Presídios e militares dizem que não têm sala especial para receber ex-vereador

Preso em flagrante por extorsão tenta relaxamento de prisão
| 08/05/2015
- 21:58
Presídios e militares dizem que não têm sala especial para receber ex-vereador

Preso em flagrante por extorsão tenta relaxamento de prisão

Representantes de presídios, Polícia Militar e Exército informaram à Justiça que não dispõem de sala especial para receber o advogado e ex-vereador Robson Martins, preso desde 16 de abril após flagrante de extorsão, em Campo Grande. As respostas já estão nas mãos da Justiça, que a qualquer momento pode decidir sobre pedido de prisão especial ou domiciliar.

Na segunda-feira (5), o juiz Marcelo Ivo de Oliveira, da 7ª Vara Criminal de Competência Especial de Campo Grande, mandou perguntar às instituições se há local especial, chamado sala de Estado Maior, para abrigar o preso.
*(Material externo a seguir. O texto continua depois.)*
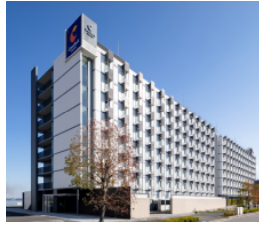
コンフォートホテル 中部国際空港 (本投資法人保有ホテル)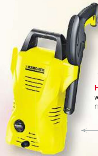
HOCHDRUCKREINIGER von KÄRCHER | K 2 Basic, max. 110 bar/ 1.400 Watt Art.-Nr. 10900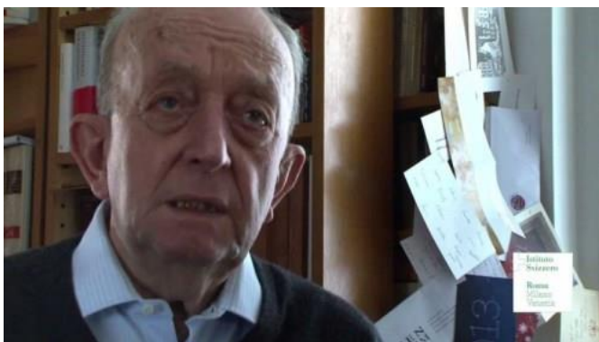
Tullio De Mauro

Dopo le oltre 20.000 presenze di pubblico dello scorso anno, il festival torna con tanti appuntamenti in cartellone e moltissimi ospiti eccellenti del mondo della comunicazione. Manager, musicisti, linguisti, scrittori, blogger, registi, psicologi, semiologi e molti altri si alterneranno infatti durante le giornate del festival e sarà proprio il semiologo per eccellenza, ovvero Umberto Eco , a chiudere la manifestazione il 13 settembre con la sua lectio magistralis dal titolo “Tu, Lei, la memoria e l’insulto” .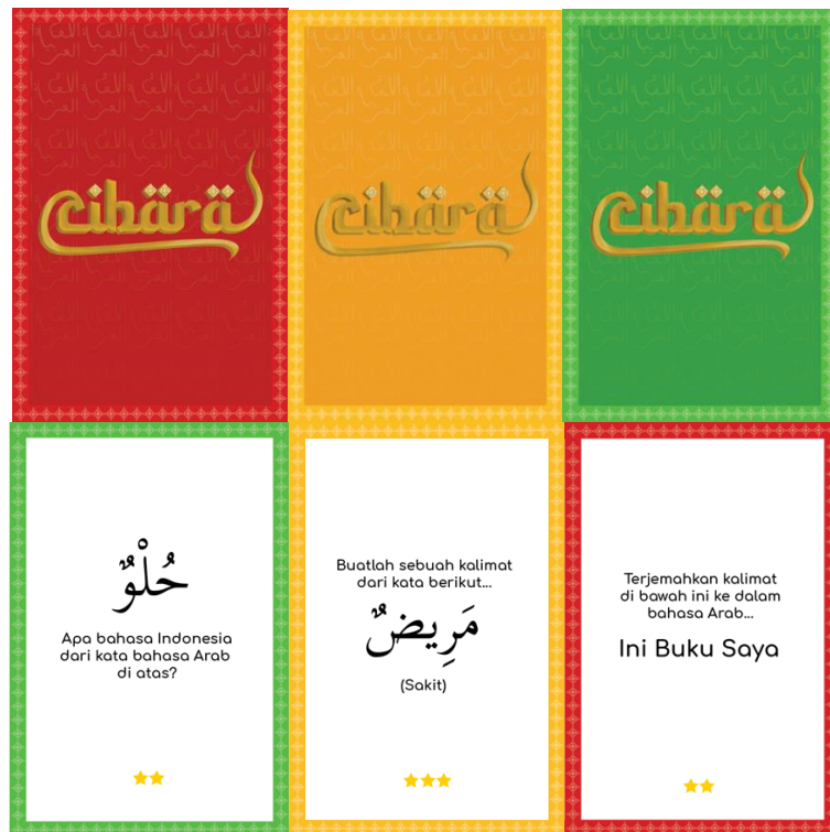
Gambar 3.3 Kartu Pertanyaan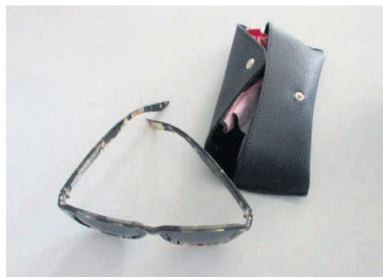
Fundort: Freyburg (Unstrut)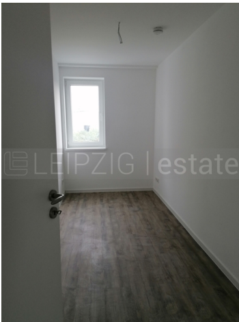
Beispiel Ausstattung nach Fertigstellung 7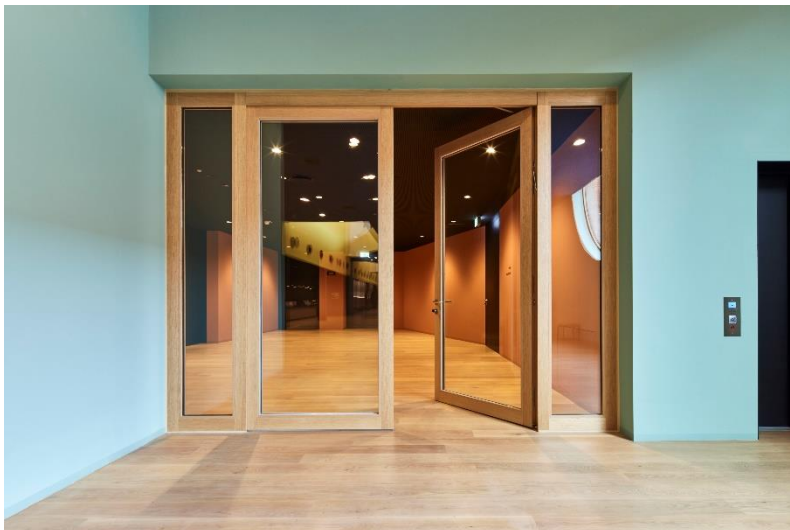
Bild 12: Optisch zum Parkett passen die großflächig verglasten, zweiflügeligen Massivholz-Rahmentüren mit T30 Brandschutzfunktion von Schörghuber.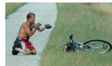
Störungen der Tiere sind zu vermeiden

Europäische Sumpfschildkröten reagieren empfindlich auf Störungen. Einheimische Reliktvorkommen haben in Mitteleuropa bis in die Gegenwart ausschließlich in ausgesprochen abgelegenen und kaum zugänglichen, naturnahen Lebensräumen überlebt. Touristisch stark frequentierte Landschaften sind als Lebensraum ungeeignet.

Isso depois que o MPE (Ministério Público Estadual) opinou contra concessão de prisão domiciliar a Robson.

Seis ofícios foram respondidos à Justiça: do Centro de Triagem, Presídio de Trânsito, Instituto Penal, CMO (Comando Militar do Exército) e EPSM (Estabelecimento Penal de Segurança Máxima). Todos disseram não ter como receber, em conformidade com o previsto no Estatuto da Advocacia.

A direção do Centro de Triagem, por exemplo, avisou que, além de não ter a sala especial, atualmente abriga 165 internos. Foi projetado para abrigar 86.

Superlotação também consta na resposta dada pela direção do Presídio de Trânsito. “(…) Não dispomos de sala especial, nem cela especial, mesmo porque a unidade penal possui lotação máxima para 176 internos e hoje contamos com 562”, traz trecho de ofício encaminhado à Justiça.

A chefia do Instituto Penal ateve-se a informar que não tem “instalações que atendam” o Estatuto da Advocacia. Do CMO, chegou a informação de que “este comando não possui sala de Estado-Maior, com instalações e comodidades condignas, que possa ser destinada a preso civil”.

O comando da PM avisou a Justiça que não pode receber presos no Presídio Militar, “único estabelecimento prisional desta instituição”. Por fim, a direção da Máxima avisou que está com 2,2 mil presos dividindo espaço projetado para 642 e, além disso, não tem cela especial para receber Robson Martins.

Depois de analisar os ofícios, o juiz mandou oficiar o colega da Vara da Justiça Militar, “com urgência, solicitando-se informações acerca da possibilidade de algumas das unidades militares desta Capital receber o requerente”. Robson Martins foi preso juntamente com o empresário Luciano Pageu quando extorquiam R$ 15 mil do então vereador (sem partido, ex-PSL).

Na ocasião, o dinheiro seria usado para manter sob sigilo encontros sexuais entre o agora ex-parlamentar e adolescentes. As jovens, por sua vez, teriam sido aliciadas por Fabiano Viana Otero, funcionário de Pageu, para programas com políticos e figuras públicas, que eram gravados em micro-câmeras – o conteúdo, então, era usado para extorquir os ‘clientes’.

O caso segue em investigação policial. Alceu renunciou ao cargo de vereador, abriu mão da direção regional do partido e foi indiciado por favorecimento à exploração sexual – mesmo indiciamento feito com relação ao ex-deputado estadual Sérgio Assis (sem partido, ex-PSB), apontado como outro ‘cliente’ no esquema.

Fabiano também foi preso, dias depois da prisão dos outros dois. Ele fez acordo de delação premiada com a promessa de entregar outros eventuais envolvidos na história e, por enquanto, o caso é mantido sob sigilo.